E c’inducono a una domanda opprimente…

Oh, non chiedete «cos’è?»

Andiamo a fare la nostra visita. (Berti)

[† Что ж, пойдем, ты и я,

когда вечер растягивается под небом,

как больной во власти наркоза;

пойдем по улицам полупустынным,

по бормочущим убежищам

тех, кто проводит беспокойные ночи в ночлежках.

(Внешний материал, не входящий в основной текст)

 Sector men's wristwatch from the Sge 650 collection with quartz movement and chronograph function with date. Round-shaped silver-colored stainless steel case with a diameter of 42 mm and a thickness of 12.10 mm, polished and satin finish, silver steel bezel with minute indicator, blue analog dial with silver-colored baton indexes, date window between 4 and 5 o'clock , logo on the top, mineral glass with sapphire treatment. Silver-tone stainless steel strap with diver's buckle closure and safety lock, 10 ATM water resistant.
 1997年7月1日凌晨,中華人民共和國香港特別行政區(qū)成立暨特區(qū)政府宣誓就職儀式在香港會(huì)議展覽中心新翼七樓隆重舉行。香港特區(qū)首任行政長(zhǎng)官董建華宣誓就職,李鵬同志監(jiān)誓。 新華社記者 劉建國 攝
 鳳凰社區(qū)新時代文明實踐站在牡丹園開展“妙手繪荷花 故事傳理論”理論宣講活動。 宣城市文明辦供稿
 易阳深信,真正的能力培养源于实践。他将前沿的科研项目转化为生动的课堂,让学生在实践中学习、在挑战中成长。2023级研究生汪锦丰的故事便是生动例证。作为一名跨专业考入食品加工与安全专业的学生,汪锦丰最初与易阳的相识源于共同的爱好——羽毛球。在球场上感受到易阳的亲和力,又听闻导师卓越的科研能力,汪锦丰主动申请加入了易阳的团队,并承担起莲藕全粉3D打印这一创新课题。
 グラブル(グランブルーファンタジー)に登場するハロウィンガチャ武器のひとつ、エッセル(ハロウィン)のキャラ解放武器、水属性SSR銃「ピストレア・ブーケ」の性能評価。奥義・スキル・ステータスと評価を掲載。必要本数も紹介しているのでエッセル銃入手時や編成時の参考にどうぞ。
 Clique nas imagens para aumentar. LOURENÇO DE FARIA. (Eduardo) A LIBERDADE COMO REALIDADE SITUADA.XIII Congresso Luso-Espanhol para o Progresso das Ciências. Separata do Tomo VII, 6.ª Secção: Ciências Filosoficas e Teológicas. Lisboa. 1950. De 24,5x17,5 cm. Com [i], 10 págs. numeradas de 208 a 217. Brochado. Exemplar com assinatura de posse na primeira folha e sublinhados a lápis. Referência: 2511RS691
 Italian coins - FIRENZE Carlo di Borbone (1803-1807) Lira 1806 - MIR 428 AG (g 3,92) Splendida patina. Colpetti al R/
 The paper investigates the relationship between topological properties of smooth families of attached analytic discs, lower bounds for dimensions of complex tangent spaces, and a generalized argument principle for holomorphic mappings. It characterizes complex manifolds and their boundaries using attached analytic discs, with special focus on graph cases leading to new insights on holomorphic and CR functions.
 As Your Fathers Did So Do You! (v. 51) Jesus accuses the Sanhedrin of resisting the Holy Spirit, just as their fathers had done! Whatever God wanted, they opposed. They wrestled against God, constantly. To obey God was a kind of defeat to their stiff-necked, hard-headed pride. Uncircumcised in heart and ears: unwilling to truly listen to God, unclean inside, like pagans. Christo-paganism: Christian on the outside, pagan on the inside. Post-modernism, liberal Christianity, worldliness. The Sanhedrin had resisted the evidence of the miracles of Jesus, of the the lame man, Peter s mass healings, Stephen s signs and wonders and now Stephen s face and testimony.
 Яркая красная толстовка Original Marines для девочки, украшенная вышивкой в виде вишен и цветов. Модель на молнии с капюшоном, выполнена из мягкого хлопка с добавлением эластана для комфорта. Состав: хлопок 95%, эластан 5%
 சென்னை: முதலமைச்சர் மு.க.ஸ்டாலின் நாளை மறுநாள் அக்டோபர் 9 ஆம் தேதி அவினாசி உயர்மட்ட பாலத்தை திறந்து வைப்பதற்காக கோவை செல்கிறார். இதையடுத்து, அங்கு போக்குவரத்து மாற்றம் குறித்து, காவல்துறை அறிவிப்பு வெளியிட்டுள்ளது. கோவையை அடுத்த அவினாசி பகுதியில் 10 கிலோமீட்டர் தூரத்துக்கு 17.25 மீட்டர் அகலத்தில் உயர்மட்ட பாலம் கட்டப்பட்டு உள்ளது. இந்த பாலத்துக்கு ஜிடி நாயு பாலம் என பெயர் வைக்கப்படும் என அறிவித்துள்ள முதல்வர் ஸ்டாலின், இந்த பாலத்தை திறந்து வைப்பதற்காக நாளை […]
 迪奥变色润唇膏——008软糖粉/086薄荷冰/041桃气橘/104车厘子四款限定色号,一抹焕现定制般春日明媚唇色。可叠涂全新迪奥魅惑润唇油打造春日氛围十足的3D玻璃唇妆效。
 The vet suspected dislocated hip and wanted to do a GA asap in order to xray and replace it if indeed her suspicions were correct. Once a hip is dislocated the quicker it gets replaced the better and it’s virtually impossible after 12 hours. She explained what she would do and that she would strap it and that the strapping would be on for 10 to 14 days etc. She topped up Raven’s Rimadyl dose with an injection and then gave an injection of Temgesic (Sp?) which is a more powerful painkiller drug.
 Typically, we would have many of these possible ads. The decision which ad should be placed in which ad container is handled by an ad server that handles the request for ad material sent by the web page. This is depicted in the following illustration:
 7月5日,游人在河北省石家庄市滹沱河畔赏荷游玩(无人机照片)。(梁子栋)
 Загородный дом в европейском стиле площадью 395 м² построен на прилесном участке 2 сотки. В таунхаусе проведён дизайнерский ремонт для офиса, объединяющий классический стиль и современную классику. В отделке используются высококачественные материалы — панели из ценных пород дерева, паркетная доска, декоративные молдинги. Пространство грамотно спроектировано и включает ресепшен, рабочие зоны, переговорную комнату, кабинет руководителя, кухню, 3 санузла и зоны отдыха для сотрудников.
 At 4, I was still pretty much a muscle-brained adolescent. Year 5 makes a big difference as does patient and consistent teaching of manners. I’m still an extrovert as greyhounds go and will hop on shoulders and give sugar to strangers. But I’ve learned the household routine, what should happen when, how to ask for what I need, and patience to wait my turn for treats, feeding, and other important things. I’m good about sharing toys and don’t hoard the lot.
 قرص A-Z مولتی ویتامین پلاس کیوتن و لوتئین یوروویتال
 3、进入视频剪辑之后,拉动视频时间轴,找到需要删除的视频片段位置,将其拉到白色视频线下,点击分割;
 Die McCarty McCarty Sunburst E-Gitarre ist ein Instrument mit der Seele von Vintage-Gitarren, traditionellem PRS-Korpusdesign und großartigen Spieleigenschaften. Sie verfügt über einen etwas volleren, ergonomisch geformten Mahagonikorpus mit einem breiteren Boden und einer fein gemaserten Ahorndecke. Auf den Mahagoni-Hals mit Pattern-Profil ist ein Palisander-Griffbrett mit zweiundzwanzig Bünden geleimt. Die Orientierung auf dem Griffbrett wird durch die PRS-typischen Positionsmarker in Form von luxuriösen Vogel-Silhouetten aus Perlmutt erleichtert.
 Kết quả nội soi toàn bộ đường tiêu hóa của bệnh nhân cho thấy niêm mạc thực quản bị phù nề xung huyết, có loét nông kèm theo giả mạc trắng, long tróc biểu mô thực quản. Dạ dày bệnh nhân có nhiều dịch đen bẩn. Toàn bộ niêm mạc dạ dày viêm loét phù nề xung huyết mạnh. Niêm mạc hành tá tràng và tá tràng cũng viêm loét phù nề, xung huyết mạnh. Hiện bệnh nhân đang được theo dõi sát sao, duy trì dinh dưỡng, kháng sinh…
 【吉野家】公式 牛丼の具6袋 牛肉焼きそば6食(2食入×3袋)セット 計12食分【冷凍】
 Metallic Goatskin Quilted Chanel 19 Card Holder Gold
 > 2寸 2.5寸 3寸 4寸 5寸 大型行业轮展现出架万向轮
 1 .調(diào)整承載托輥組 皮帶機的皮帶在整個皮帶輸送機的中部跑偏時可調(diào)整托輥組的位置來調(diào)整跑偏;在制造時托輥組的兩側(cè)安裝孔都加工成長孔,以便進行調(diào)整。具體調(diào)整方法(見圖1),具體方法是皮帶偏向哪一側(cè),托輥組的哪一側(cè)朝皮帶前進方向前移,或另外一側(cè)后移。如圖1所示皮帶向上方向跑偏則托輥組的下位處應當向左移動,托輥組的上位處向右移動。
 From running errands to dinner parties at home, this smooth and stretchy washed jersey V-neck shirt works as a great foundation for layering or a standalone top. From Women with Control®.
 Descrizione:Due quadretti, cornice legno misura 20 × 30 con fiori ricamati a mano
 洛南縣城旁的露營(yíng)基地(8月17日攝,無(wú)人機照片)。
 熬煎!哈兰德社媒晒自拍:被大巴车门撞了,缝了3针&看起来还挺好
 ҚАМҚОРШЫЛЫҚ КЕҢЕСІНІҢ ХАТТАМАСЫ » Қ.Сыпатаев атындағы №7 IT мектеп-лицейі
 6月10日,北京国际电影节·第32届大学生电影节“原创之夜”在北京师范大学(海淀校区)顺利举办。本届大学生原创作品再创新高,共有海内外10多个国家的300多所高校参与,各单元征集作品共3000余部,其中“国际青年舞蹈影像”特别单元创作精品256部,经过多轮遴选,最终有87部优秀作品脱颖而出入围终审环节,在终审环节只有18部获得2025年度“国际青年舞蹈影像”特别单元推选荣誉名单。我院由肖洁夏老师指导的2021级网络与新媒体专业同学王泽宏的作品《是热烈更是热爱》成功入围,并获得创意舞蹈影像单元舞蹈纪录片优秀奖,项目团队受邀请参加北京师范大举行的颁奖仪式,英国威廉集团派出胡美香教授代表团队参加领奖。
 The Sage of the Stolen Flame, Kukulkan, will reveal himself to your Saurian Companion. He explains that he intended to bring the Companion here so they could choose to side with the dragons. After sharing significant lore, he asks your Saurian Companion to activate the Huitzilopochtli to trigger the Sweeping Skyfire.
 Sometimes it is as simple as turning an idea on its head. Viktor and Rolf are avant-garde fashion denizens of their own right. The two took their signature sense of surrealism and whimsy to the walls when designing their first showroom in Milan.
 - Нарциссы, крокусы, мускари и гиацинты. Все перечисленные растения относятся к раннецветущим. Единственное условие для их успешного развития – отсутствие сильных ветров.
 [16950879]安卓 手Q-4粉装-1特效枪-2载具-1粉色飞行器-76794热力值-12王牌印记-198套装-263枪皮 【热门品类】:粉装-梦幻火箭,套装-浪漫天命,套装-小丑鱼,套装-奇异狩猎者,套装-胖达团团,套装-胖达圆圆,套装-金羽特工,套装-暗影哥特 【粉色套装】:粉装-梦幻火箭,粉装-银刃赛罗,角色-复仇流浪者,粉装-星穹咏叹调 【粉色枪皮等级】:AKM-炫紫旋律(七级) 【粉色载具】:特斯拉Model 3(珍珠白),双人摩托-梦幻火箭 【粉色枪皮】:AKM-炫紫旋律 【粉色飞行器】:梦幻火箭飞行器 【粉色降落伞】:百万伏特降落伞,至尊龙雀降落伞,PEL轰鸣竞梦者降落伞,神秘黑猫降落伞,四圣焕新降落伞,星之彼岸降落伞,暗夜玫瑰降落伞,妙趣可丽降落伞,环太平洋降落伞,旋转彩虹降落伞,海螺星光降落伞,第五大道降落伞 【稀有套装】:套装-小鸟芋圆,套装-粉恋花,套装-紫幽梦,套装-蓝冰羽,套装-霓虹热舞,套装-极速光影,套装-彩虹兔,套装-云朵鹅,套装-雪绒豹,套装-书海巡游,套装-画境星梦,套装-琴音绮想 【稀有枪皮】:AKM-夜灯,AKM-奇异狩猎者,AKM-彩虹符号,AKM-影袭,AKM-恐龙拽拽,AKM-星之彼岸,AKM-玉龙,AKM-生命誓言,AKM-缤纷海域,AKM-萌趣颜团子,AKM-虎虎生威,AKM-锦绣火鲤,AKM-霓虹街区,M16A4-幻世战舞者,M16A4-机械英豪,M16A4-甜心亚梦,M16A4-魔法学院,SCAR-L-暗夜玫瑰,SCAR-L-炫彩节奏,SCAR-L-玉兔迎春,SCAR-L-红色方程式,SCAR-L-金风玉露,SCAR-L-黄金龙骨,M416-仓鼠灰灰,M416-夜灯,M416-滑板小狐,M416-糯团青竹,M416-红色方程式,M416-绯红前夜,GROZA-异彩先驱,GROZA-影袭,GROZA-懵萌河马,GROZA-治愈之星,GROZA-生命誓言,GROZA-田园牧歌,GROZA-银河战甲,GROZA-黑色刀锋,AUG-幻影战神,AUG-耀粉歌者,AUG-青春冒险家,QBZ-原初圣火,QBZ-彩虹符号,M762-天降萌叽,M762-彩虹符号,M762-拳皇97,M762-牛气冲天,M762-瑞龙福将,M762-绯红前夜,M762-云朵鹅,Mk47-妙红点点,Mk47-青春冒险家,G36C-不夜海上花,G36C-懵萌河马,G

И ресторации, полные опилок и устричной шелухи;

Улицы, преследующие нас, как опостылевшее

            рассуждение

С вероломным намерением

И подводящие к удручающему вопросу…

Ох, не спрашивайте о чем!

Пойдем, нанесем визит. (ит., Берти)]


Allora andiamo, tu ed io,

Quando la sera si stende contro il cielo

Come un paziente eterizzato sopra una tavola[211];

Andiamo, per certe strade semideserte,

Mormoranti ricoveri

Di notti senza riposo in alberghi di passo a poco prezzo

E ristoranti pieni di segatura e gusci d’ostriche;

Strade che ci succedono come un tedioso argomento

Con l’insidioso proposito

Di condurti a domande che opprimono…

Oh, non chiedere «Cosa?»

Andiamo a fare la nostra visita. (Sanesi)

[† Что ж, пойдем, ты и я,

Когда вечер протягивается под небом,

Как больной под наркозом на столе;

Пойдем по улицам полупустынным,

По бормочущим укрытиям

Бессонных ночей в дешевых ночлежках,

Где рестораны, полные опилок и устричной скорлупы;

Улицы, идущие одна за другой, как опостылевшее

            рассуждение

С коварным умыслом

Подвести тебя к удручающим вопросам…

О, не спрашивай: «Что?»

Пойдем, нанесем визит. (ит., Санези)]


Но дело в том, что в оригинале «Пруфрока» есть размер, рифмы (часть из них – внутренние) и ассонансы (оправдывающие финальное созвучие между go и Michelangelo). В итальянском переводе все это утрачивается:


Let us go, you and I,

When the evening is spread out against the sky

Like a patient etherised upon a table;

Let us go, through certain half-deserted streets,

The muttering retreats

Of restless nights in one-night cheap hotels

And sawdust restaurants with oyster-shells:

Streets that follow like a tedious argument

Of insidious intent

To lead you to an overwhelming question…

Oh, do not ask, «What is it?»

Let us go and make our visit.

In the room the women come and go

Talking of Michelangelo.

[Ну что же, я пойду с тобой,

Когда под небом вечер стихнет, как больной

Под хлороформом на столе хирурга;

Ну что ж, пойдем вдоль малолюдных улиц —

Опилки на полу, скорлупки устриц

В дешевых кабаках, в бормочущих притонах,

В ночлежках для ночей бессонных;

Уводят улицы, как скучный спор,

И подведут в упор

К убийственному для тебя вопросу…

Не спрашивай о чем.

Ну что ж, давай туда пойдем.

В гостиной дамы тяжело

Беседуют о Микеланджело.] (Л. Сергеев)

[† Ср. другие русские переводы:


Пошли вдвоем, пожалуй.

Уж вечер небо навзничью распяло,

Как пациента под ножом наркоз.

Пошли местами полузапустелыми,

С несвежими постелями,

Отелями на разовый постой,

Пивными, устланными устричною шелухой,

Пошли местами, удручающе навязчивыми

И на идею наводящими

Задать вам тот – единственно существенный —

            вопрос…


Какой вопрос? Да бросьте!

Пошли, пожалуй, в гости.

В гостиной разговаривают тети

О Микеланджело Буонаротти. (В. Топоров)


Что ж, пошли, вы да я,

В час, когда на небе вечер разлегся,

Как на столе пациент под эфиром.

Что ж, пошли по пустынным кварталам,

Убежищам беспокойно бормочущих ночей,

В дешевые номера, что сдаются «на ночь»,

В усыпанные устричными раковинами пивные.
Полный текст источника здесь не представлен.